## Task item
Transcribe the listing exactly, skipping every picture.

* * *

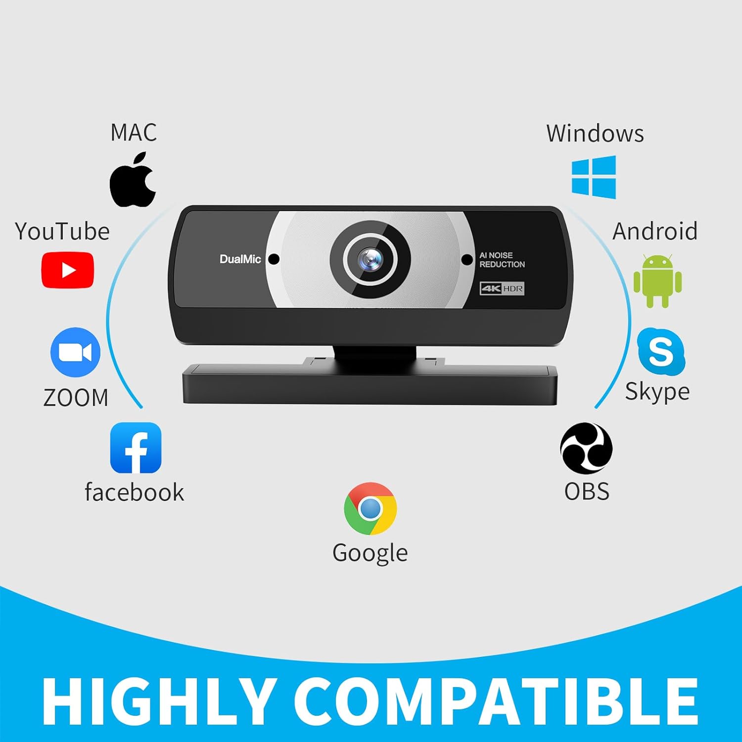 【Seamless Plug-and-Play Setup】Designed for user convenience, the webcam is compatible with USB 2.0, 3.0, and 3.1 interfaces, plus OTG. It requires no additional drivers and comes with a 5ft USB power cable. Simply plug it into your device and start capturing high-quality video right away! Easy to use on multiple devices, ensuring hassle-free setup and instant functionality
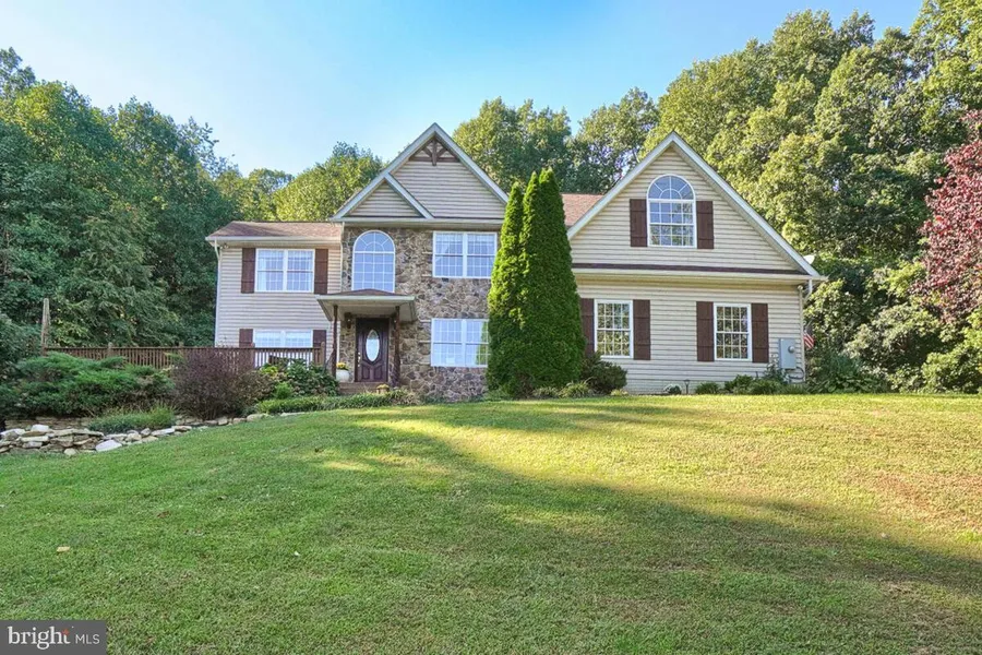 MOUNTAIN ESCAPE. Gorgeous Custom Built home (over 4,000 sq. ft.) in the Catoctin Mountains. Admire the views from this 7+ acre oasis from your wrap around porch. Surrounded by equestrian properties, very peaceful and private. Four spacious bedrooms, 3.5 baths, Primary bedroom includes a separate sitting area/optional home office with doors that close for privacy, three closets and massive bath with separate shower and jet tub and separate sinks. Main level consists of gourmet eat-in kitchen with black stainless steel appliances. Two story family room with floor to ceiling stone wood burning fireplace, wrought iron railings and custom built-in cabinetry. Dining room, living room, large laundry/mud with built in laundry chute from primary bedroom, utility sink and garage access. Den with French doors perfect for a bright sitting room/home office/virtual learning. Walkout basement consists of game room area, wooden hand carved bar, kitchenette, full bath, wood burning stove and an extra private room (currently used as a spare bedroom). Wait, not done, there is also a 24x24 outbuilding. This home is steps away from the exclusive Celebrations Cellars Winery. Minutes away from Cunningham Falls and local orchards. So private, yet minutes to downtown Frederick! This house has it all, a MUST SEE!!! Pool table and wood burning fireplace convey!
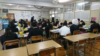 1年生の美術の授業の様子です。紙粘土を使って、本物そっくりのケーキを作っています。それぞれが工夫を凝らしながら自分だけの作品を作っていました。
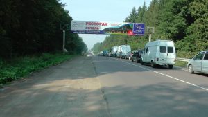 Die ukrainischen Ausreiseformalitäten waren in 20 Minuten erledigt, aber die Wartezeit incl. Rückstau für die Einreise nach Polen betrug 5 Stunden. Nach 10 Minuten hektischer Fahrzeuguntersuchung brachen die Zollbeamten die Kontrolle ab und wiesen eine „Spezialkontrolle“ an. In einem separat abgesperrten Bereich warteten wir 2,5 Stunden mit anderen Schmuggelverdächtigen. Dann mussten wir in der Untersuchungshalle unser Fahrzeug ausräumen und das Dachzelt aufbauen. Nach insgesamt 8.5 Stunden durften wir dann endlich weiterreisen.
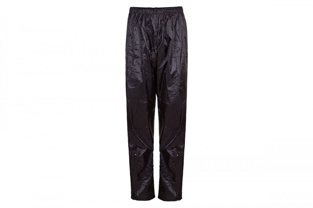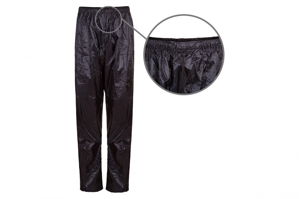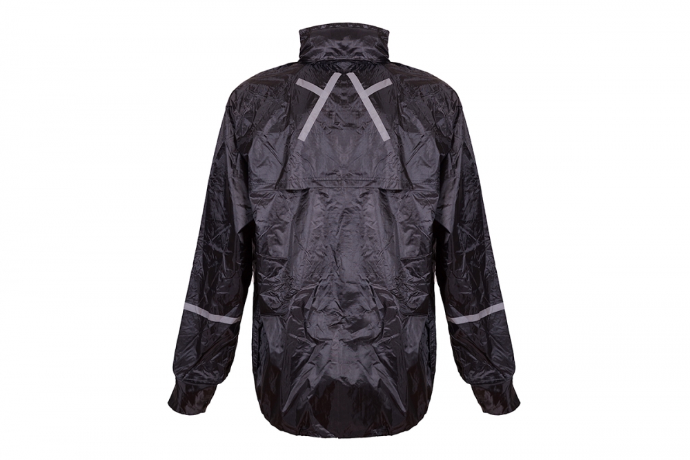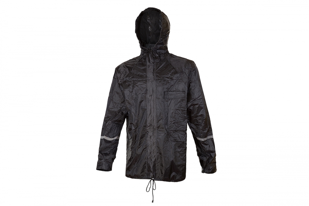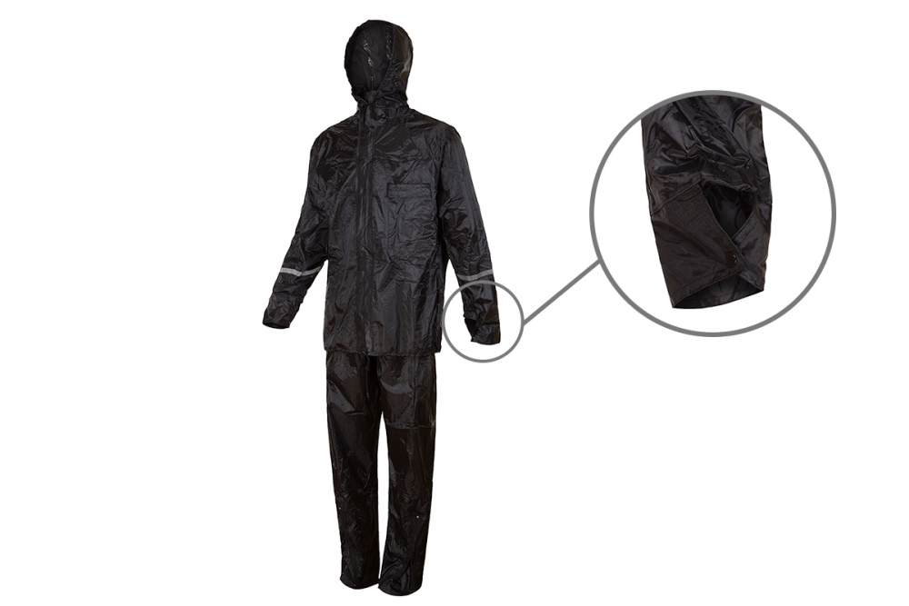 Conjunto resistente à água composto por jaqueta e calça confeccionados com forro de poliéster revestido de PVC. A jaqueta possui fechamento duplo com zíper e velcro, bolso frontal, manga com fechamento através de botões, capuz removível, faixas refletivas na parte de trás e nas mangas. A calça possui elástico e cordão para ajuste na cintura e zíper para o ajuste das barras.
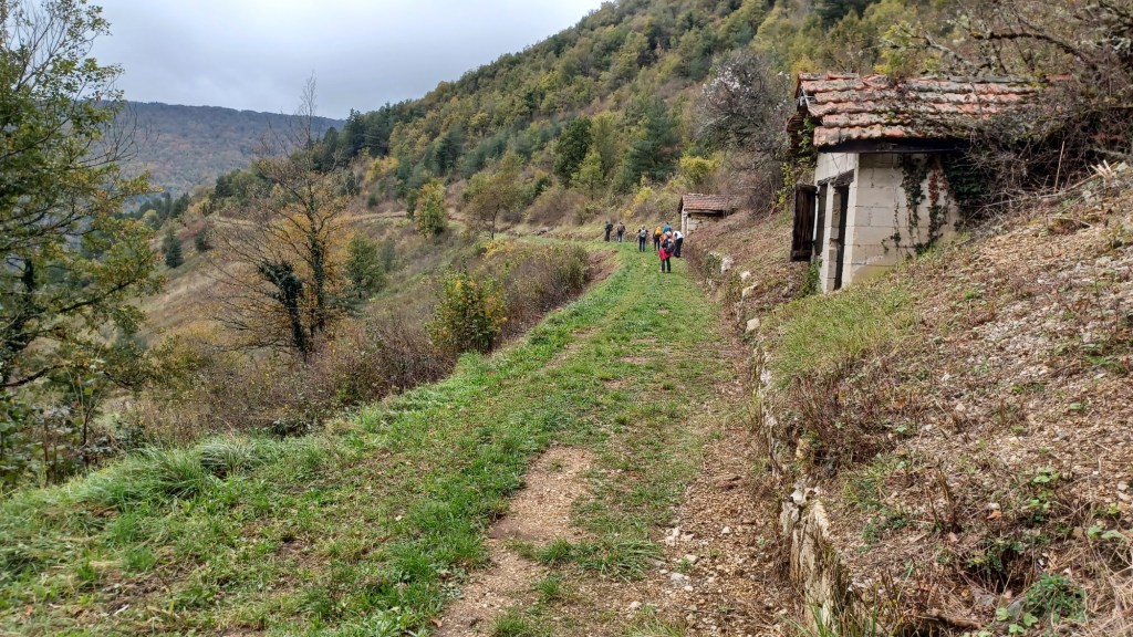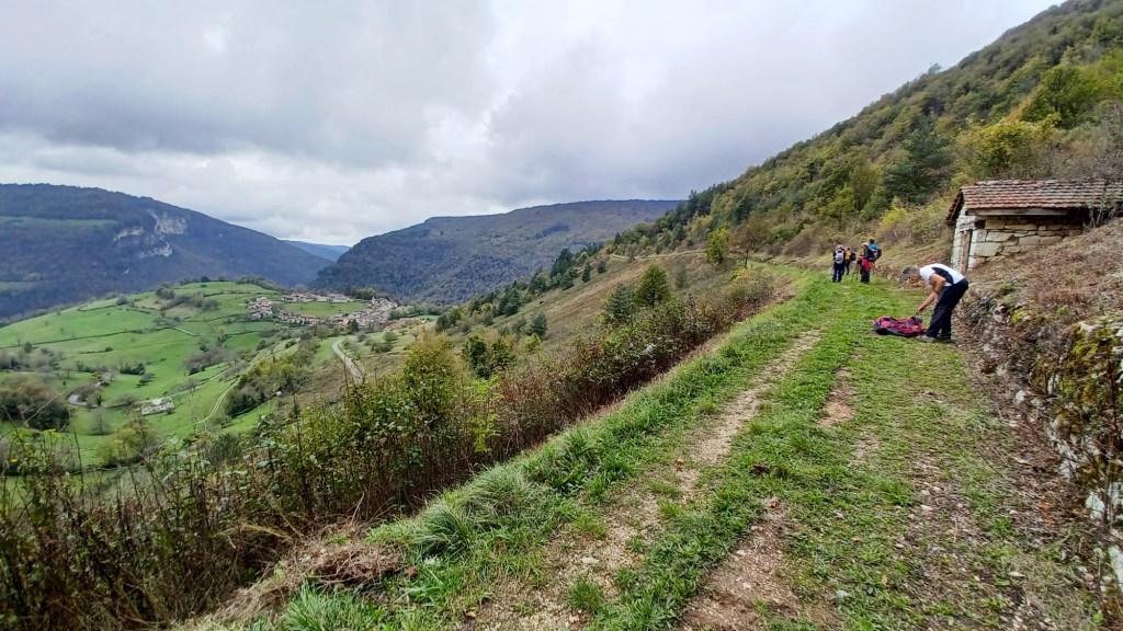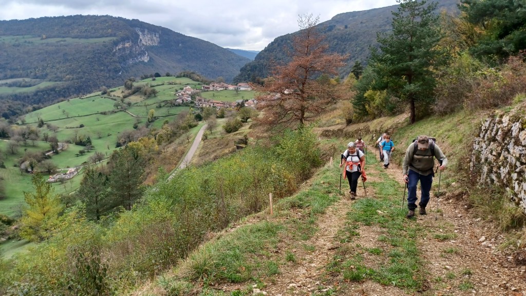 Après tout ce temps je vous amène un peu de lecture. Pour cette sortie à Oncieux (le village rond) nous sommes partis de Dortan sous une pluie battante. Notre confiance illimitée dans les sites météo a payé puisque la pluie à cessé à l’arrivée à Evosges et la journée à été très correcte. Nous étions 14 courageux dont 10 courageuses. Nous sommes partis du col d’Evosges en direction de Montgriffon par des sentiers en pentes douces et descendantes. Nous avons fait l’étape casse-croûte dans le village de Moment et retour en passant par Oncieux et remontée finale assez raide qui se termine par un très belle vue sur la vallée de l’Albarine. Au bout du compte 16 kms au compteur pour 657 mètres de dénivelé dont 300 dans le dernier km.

* * *

## Answer section
 【Seamless Plug-and-Play Setup】Designed for user convenience, the webcam is compatible with USB 2.0, 3.0, and 3.1 interfaces, plus OTG. It requires no additional drivers and comes with a 5ft USB power cable. Simply plug it into your device and start capturing high-quality video right away! Easy to use on multiple devices, ensuring hassle-free setup and instant functionality
 MOUNTAIN ESCAPE. Gorgeous Custom Built home (over 4,000 sq. ft.) in the Catoctin Mountains. Admire the views from this 7+ acre oasis from your wrap around porch. Surrounded by equestrian properties, very peaceful and private. Four spacious bedrooms, 3.5 baths, Primary bedroom includes a separate sitting area/optional home office with doors that close for privacy, three closets and massive bath with separate shower and jet tub and separate sinks. Main level consists of gourmet eat-in kitchen with black stainless steel appliances. Two story family room with floor to ceiling stone wood burning fireplace, wrought iron railings and custom built-in cabinetry. Dining room, living room, large laundry/mud with built in laundry chute from primary bedroom, utility sink and garage access. Den with French doors perfect for a bright sitting room/home office/virtual learning. Walkout basement consists of game room area, wooden hand carved bar, kitchenette, full bath, wood burning stove and an extra private room (currently used as a spare bedroom). Wait, not done, there is also a 24x24 outbuilding. This home is steps away from the exclusive Celebrations Cellars Winery. Minutes away from Cunningham Falls and local orchards. So private, yet minutes to downtown Frederick! This house has it all, a MUST SEE!!! Pool table and wood burning fireplace convey!
 1年生の美術の授業の様子です。紙粘土を使って、本物そっくりのケーキを作っています。それぞれが工夫を凝らしながら自分だけの作品を作っていました。
 Die ukrainischen Ausreiseformalitäten waren in 20 Minuten erledigt, aber die Wartezeit incl. Rückstau für die Einreise nach Polen betrug 5 Stunden. Nach 10 Minuten hektischer Fahrzeuguntersuchung brachen die Zollbeamten die Kontrolle ab und wiesen eine „Spezialkontrolle“ an. In einem separat abgesperrten Bereich warteten wir 2,5 Stunden mit anderen Schmuggelverdächtigen. Dann mussten wir in der Untersuchungshalle unser Fahrzeug ausräumen und das Dachzelt aufbauen. Nach insgesamt 8.5 Stunden durften wir dann endlich weiterreisen.
 Conjunto resistente à água composto por jaqueta e calça confeccionados com forro de poliéster revestido de PVC. A jaqueta possui fechamento duplo com zíper e velcro, bolso frontal, manga com fechamento através de botões, capuz removível, faixas refletivas na parte de trás e nas mangas. A calça possui elástico e cordão para ajuste na cintura e zíper para o ajuste das barras.
 Après tout ce temps je vous amène un peu de lecture. Pour cette sortie à Oncieux (le village rond) nous sommes partis de Dortan sous une pluie battante. Notre confiance illimitée dans les sites météo a payé puisque la pluie à cessé à l’arrivée à Evosges et la journée à été très correcte. Nous étions 14 courageux dont 10 courageuses. Nous sommes partis du col d’Evosges en direction de Montgriffon par des sentiers en pentes douces et descendantes. Nous avons fait l’étape casse-croûte dans le village de Moment et retour en passant par Oncieux et remontée finale assez raide qui se termine par un très belle vue sur la vallée de l’Albarine. Au bout du compte 16 kms au compteur pour 657 mètres de dénivelé dont 300 dans le dernier km.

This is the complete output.